ASSIGNMENT:
Repeat the entries below exactly. Drop the pictures.

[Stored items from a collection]
= Beginning of Section =

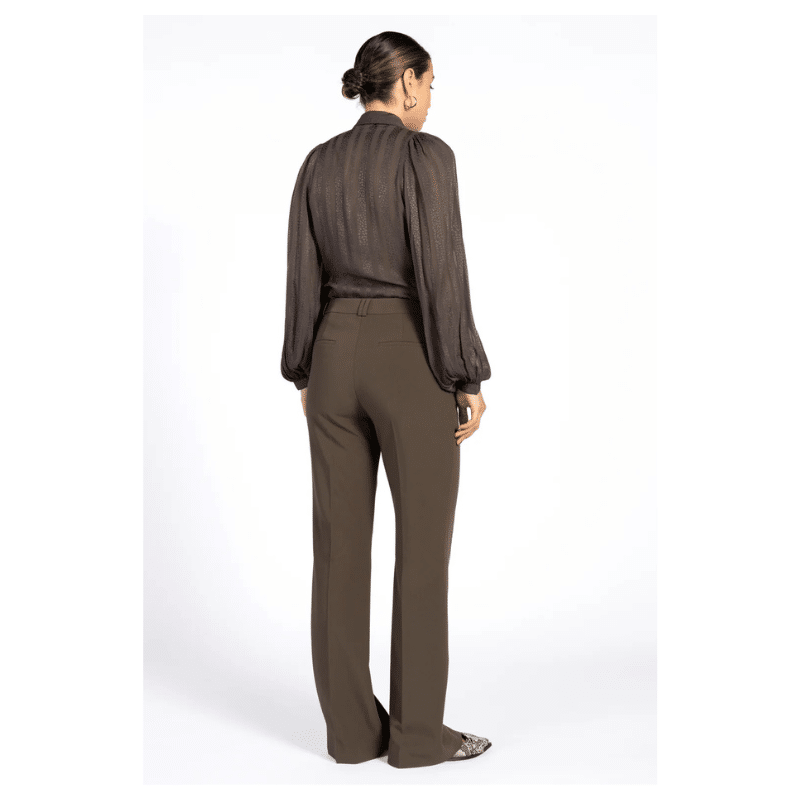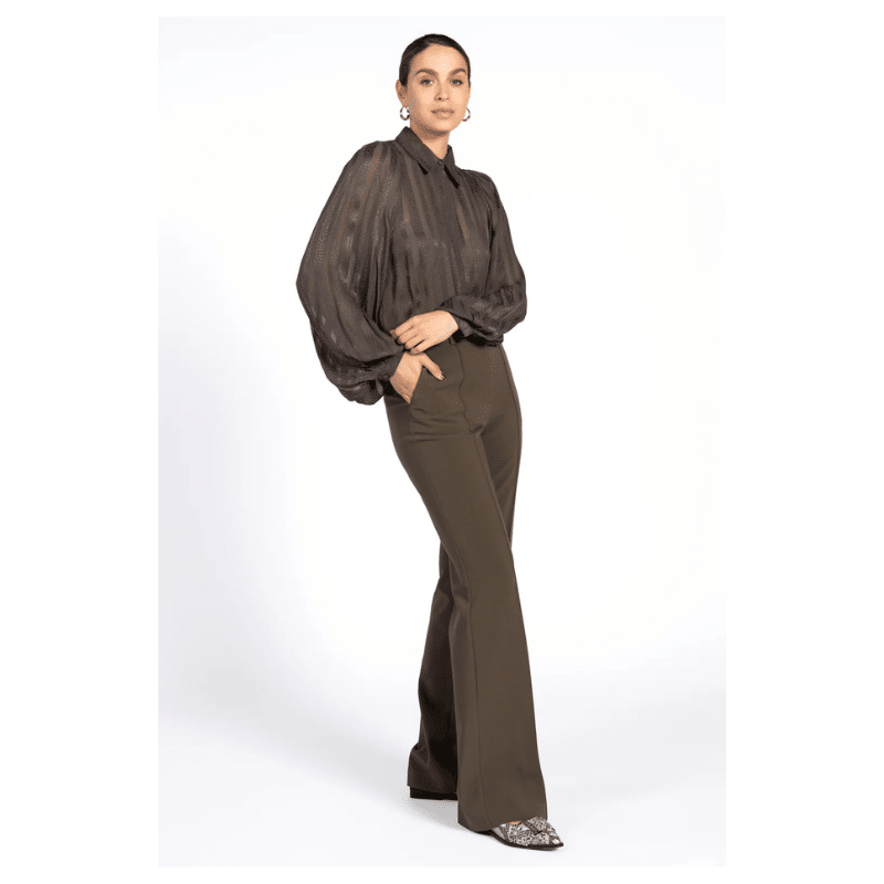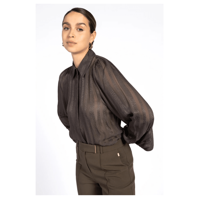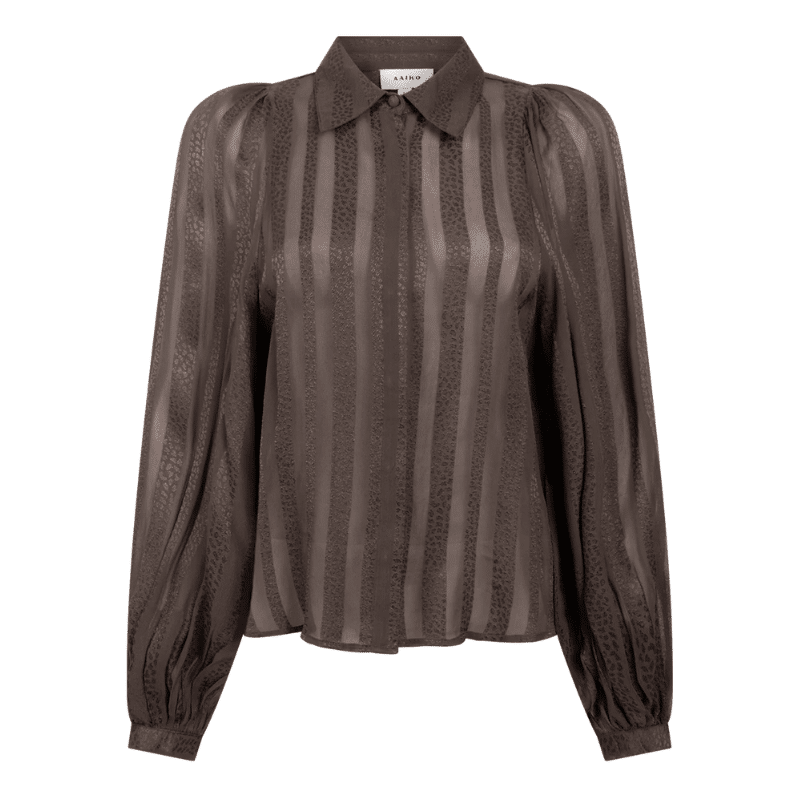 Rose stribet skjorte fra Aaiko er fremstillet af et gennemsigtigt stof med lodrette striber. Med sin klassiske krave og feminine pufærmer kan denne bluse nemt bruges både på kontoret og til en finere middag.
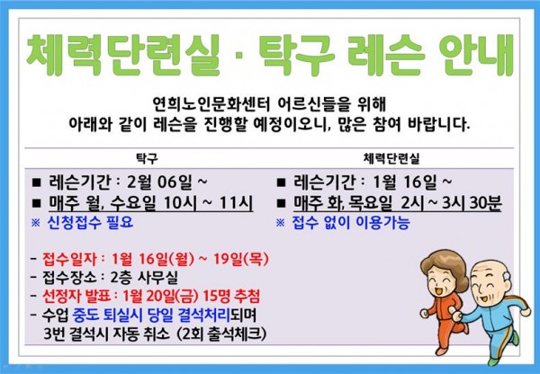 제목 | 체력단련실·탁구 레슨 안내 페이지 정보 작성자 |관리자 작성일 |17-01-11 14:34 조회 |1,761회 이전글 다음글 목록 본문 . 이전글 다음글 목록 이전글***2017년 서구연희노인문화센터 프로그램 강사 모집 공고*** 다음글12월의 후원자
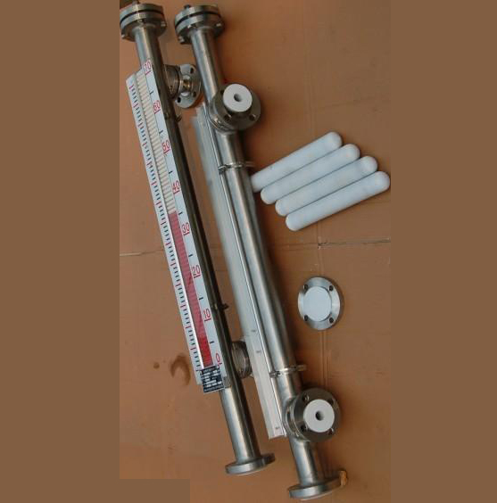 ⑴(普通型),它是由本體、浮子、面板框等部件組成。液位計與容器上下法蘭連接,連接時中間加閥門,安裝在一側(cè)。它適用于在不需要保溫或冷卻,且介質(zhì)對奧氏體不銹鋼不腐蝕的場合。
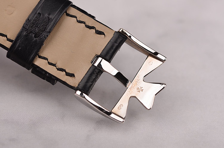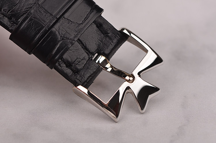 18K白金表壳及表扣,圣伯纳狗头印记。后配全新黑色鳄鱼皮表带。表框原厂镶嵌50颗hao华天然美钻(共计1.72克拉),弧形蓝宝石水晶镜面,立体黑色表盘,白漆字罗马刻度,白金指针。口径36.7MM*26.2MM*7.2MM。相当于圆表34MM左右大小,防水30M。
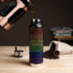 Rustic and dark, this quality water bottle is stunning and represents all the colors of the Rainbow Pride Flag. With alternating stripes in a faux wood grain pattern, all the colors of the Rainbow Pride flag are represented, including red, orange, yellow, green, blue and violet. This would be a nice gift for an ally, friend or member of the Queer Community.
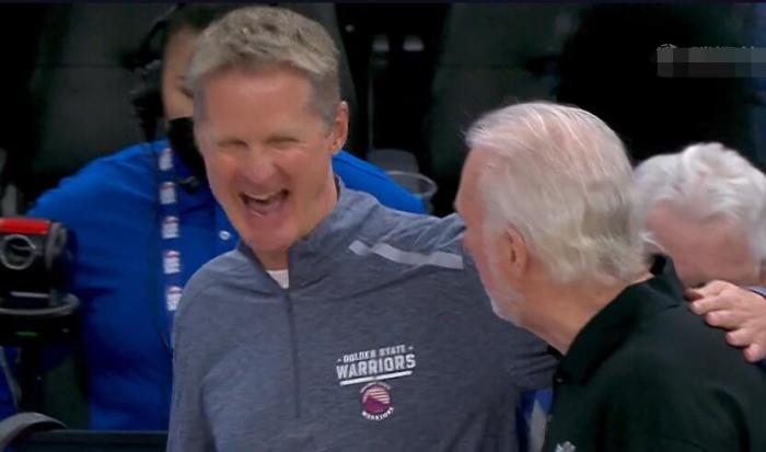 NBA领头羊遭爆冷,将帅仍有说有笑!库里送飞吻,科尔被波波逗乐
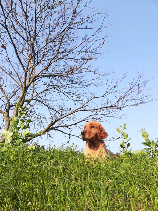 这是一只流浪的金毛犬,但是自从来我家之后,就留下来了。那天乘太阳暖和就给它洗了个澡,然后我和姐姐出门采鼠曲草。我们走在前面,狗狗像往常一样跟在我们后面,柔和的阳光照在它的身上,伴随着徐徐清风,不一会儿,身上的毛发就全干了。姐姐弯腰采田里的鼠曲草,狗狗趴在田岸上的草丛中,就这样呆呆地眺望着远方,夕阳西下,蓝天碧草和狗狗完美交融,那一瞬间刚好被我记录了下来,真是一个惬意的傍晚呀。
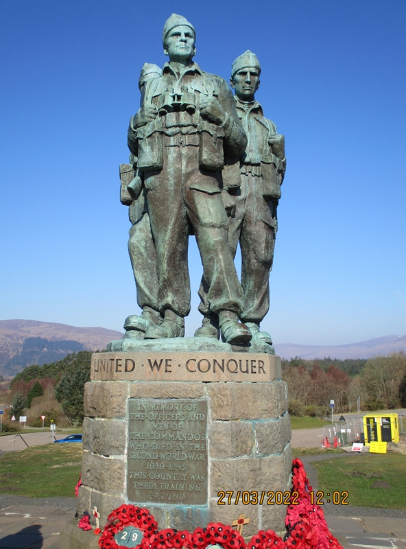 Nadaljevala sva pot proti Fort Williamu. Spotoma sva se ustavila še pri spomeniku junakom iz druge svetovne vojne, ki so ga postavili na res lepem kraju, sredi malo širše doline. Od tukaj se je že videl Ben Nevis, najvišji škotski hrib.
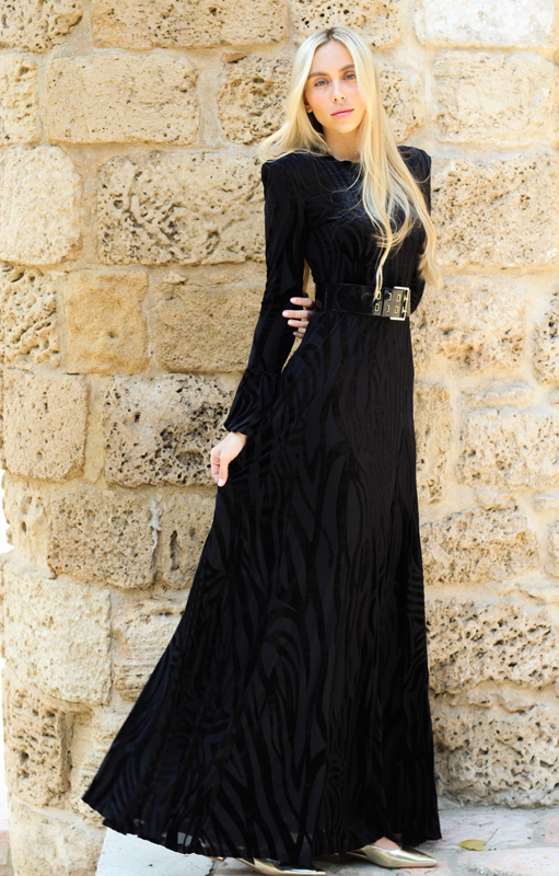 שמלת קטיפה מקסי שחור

= End of Section =

ANSWER SPACE:
 Rose stribet skjorte fra Aaiko er fremstillet af et gennemsigtigt stof med lodrette striber. Med sin klassiske krave og feminine pufærmer kan denne bluse nemt bruges både på kontoret og til en finere middag.
 제목 | 체력단련실·탁구 레슨 안내 페이지 정보 작성자 |관리자 작성일 |17-01-11 14:34 조회 |1,761회 이전글 다음글 목록 본문 . 이전글 다음글 목록 이전글***2017년 서구연희노인문화센터 프로그램 강사 모집 공고*** 다음글12월의 후원자
 ⑴(普通型),它是由本體、浮子、面板框等部件組成。液位計與容器上下法蘭連接,連接時中間加閥門,安裝在一側(cè)。它適用于在不需要保溫或冷卻,且介質(zhì)對奧氏體不銹鋼不腐蝕的場合。
 18K白金表壳及表扣,圣伯纳狗头印记。后配全新黑色鳄鱼皮表带。表框原厂镶嵌50颗hao华天然美钻(共计1.72克拉),弧形蓝宝石水晶镜面,立体黑色表盘,白漆字罗马刻度,白金指针。口径36.7MM*26.2MM*7.2MM。相当于圆表34MM左右大小,防水30M。
 Rustic and dark, this quality water bottle is stunning and represents all the colors of the Rainbow Pride Flag. With alternating stripes in a faux wood grain pattern, all the colors of the Rainbow Pride flag are represented, including red, orange, yellow, green, blue and violet. This would be a nice gift for an ally, friend or member of the Queer Community.
 NBA领头羊遭爆冷,将帅仍有说有笑!库里送飞吻,科尔被波波逗乐
 这是一只流浪的金毛犬,但是自从来我家之后,就留下来了。那天乘太阳暖和就给它洗了个澡,然后我和姐姐出门采鼠曲草。我们走在前面,狗狗像往常一样跟在我们后面,柔和的阳光照在它的身上,伴随着徐徐清风,不一会儿,身上的毛发就全干了。姐姐弯腰采田里的鼠曲草,狗狗趴在田岸上的草丛中,就这样呆呆地眺望着远方,夕阳西下,蓝天碧草和狗狗完美交融,那一瞬间刚好被我记录了下来,真是一个惬意的傍晚呀。
 Nadaljevala sva pot proti Fort Williamu. Spotoma sva se ustavila še pri spomeniku junakom iz druge svetovne vojne, ki so ga postavili na res lepem kraju, sredi malo širše doline. Od tukaj se je že videl Ben Nevis, najvišji škotski hrib.
 שמלת קטיפה מקסי שחור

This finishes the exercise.